Problem to solve
The task for the listing below is to write out exactly the lines starting at the one containing "Compareixença de Pere" and ending at the one containing "10-706-5 1-702-4 A", both included. Pictures are to be omitted.

Extracted records
□ □ □ □

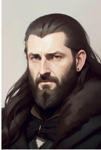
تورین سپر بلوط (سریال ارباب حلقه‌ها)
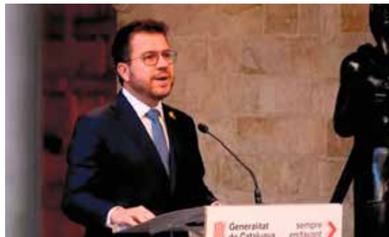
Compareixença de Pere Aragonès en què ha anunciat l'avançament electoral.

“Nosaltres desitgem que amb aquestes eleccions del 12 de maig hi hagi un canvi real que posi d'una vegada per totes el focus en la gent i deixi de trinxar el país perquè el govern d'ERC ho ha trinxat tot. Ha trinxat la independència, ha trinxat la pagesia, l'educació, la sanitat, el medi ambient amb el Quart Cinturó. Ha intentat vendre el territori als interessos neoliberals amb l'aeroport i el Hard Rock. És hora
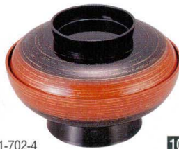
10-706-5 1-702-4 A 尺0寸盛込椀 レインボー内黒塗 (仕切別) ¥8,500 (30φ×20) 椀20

□ □ □ □

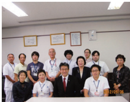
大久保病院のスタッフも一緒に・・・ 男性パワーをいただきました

□ □ □ □

Task output
Compareixença de Pere Aragonès en què ha anunciat l'avançament electoral.

“Nosaltres desitgem que amb aquestes eleccions del 12 de maig hi hagi un canvi real que posi d'una vegada per totes el focus en la gent i deixi de trinxar el país perquè el govern d'ERC ho ha trinxat tot. Ha trinxat la independència, ha trinxat la pagesia, l'educació, la sanitat, el medi ambient amb el Quart Cinturó. Ha intentat vendre el territori als interessos neoliberals amb l'aeroport i el Hard Rock. És hora
10-706-5 1-702-4 A 尺0寸盛込椀 レインボー内黒塗 (仕切別) ¥8,500 (30φ×20) 椀20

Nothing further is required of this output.